La felicidad, a veces, no sabe lo que se pierde

La melancolía, la nostalgia, la languidez, el esplín, el abatimiento siempre me han parecido una pose que no arregla nada. Me he resistido a practicar esas inclinaciones del espíritu, también cuando he tenido motivos. Mi actitud anhelante ha sido a veces impostada, pero la he mantenido. No me atrae el prestigio atribuido a la desgana, al tedio. Más de una vez he paseado por los Jardines del Luxemburgo parisinos con el alma a los pies, pero he regresado para recorrerlos como si todo estuviese bien, convencido de que las cosas podían mejorar de nuevo. Joan Manuel Serrat escribía en el artículo “Aquel verano de 1953, en Ibiza”, que abría el suplemento de verano de El Periódico en agosto de 2008.“No se debe volver al lugar donde un día
fuimos felices. Las luces y la màgia que ahora celebro desde el recuerdo, ya no están”. Sus palabras recuerdan la “Canción de las simples cosas”, del cantautor argentino César Isella, que tanto nos gusta entonar a Cecilia Rossetto y a mi (yo en privado estricto), los días en que nos ponemos muy sentimentales:

Uno vuelve siempre a los viejos sitios en que amó a la vida
y entonces comprende cómo están ausentes las cosas queridas.

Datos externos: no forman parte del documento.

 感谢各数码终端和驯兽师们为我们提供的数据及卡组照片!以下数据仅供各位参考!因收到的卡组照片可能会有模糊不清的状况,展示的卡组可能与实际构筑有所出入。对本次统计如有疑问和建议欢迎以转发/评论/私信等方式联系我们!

Por eso muchacho no partas ahora soñando el regreso,
que el amor es simple y a las cosas simples las devora el tiempo...

Serrat dice que no se debe regresar a esos lugares, Isella regresa a ellos para comprobar la huella de la ausencia. A mi me gusta volver a los lugares en que un día sentí la caricia de la felicidad, a pesar de que el paso del tiempo la haya devorado en aquella versión. 

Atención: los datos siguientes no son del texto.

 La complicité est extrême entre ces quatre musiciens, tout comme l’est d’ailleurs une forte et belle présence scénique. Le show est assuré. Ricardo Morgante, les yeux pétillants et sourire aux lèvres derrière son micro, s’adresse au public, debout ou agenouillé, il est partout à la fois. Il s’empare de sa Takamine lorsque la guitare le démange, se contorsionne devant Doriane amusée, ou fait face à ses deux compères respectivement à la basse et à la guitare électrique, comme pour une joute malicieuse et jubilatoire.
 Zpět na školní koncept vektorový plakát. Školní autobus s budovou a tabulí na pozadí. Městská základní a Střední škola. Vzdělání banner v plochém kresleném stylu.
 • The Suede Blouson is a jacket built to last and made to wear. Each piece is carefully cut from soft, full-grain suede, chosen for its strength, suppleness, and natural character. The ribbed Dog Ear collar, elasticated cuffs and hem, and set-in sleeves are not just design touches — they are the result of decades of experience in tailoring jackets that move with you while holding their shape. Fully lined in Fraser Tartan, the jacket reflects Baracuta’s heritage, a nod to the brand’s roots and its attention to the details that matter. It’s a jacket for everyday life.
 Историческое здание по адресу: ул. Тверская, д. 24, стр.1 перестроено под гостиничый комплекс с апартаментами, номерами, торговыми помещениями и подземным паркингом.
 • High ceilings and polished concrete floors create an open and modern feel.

Me gusta volver a los rincones del Jardín del Luxemburgo parisino, no fallo nunca a la cita. La felicidad ya no está de la misma forma que en etapas anteriores. Pero el lugar y yo sí que estamos! Sé que ella también vuelve, renovada, a veces. Y si no vuelve, no sabe lo que se pierde.

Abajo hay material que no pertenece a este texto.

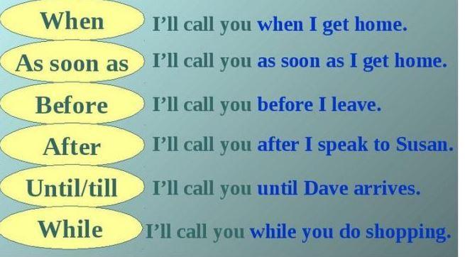 В придаточных времени вместо будущего используется настоящее время. См. вложение
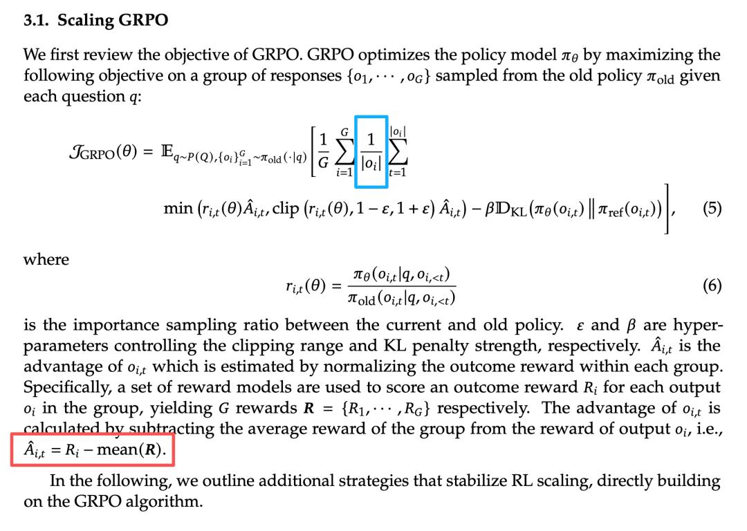 这会导致当某些问题的回报标准差较小,尤其是题目过于困难,几乎所有回报都为 0 的时候,在策略更新过程中将被赋予更大的梯度权重,忽视了那些难度适中的实际问题。
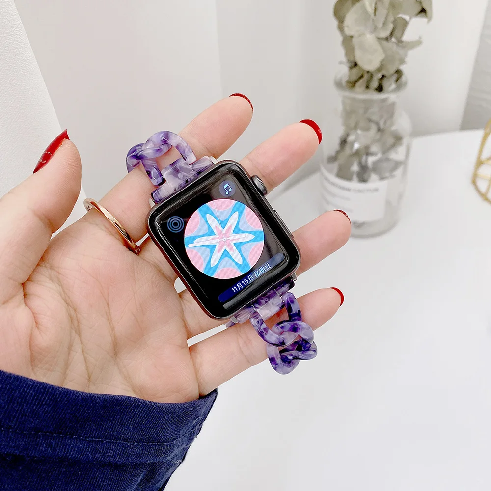 Гладкий ковбойский браслет-цепочка из смолы для Apple Watch Band 40 мм 44 мм 38 мм 42 мм, легкий ремешок для Iwatch Series 6 SE 5 4 3, ремешок
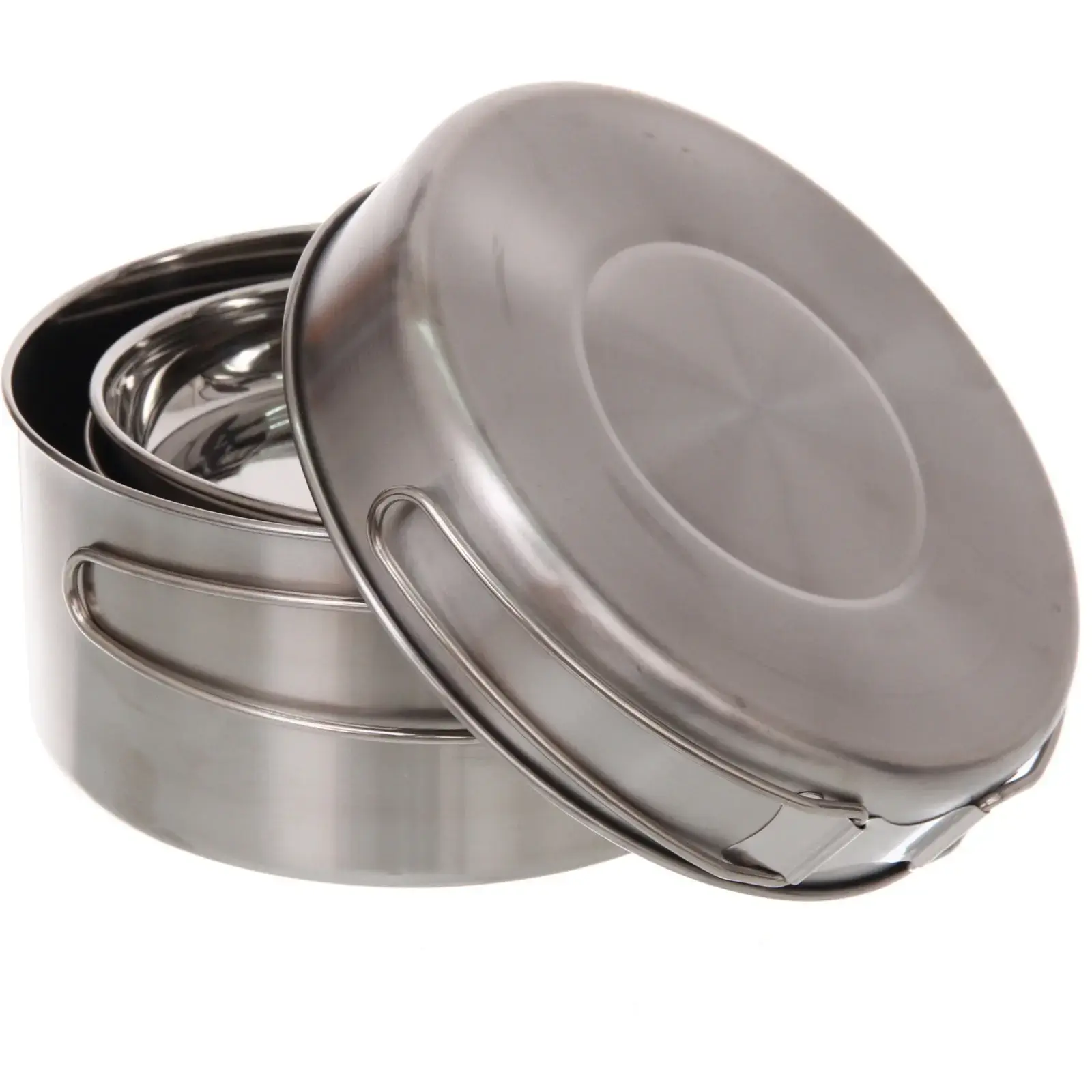 Почему стоит выбрать именно этот набор? Во-первых, он изготовлен из высококачественной нержавеющей стали, что гарантирует его долговечность и устойчивость к коррозии. Во-вторых, все предметы имеют гладкую поверхность, что облегчает их очистку и уход. Кроме того, они легко укладываются друг в друга, что экономит место при транспортировке.
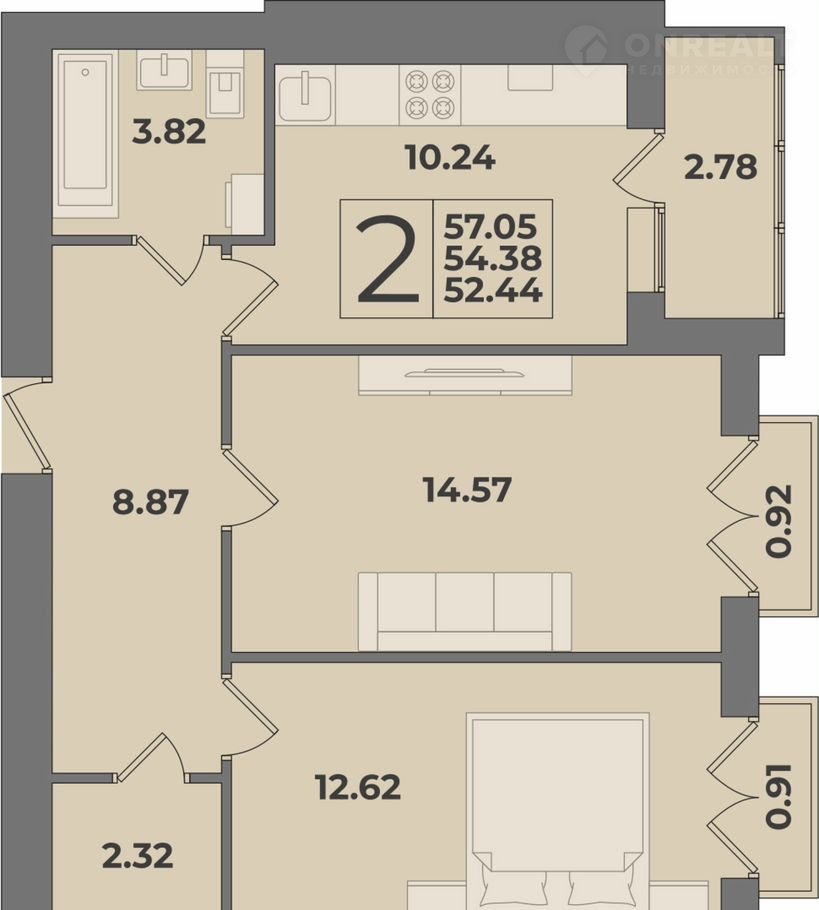 2-комнатная квартира, 57.1 м2, этаж 9 / 9, на продажу в Калининграде

Siempre se ha dicho que los dioses provocan aburrimiento a quienes desean destruir, aunque en realidad aburrirse es un verbo reflexivo, una acción que se inflige a uno mismo, sujeto y objeto a la vez. Los estados de ánimo fluctúan, a veces bajan de voltaje y se tiene que saber encajar la limitación de estímulos. Hay períodos más invertebrados, sin un aglutinante preciso. Los días desaboridos pueden durar, pero eso no modifica el plan de trabajo, me digo.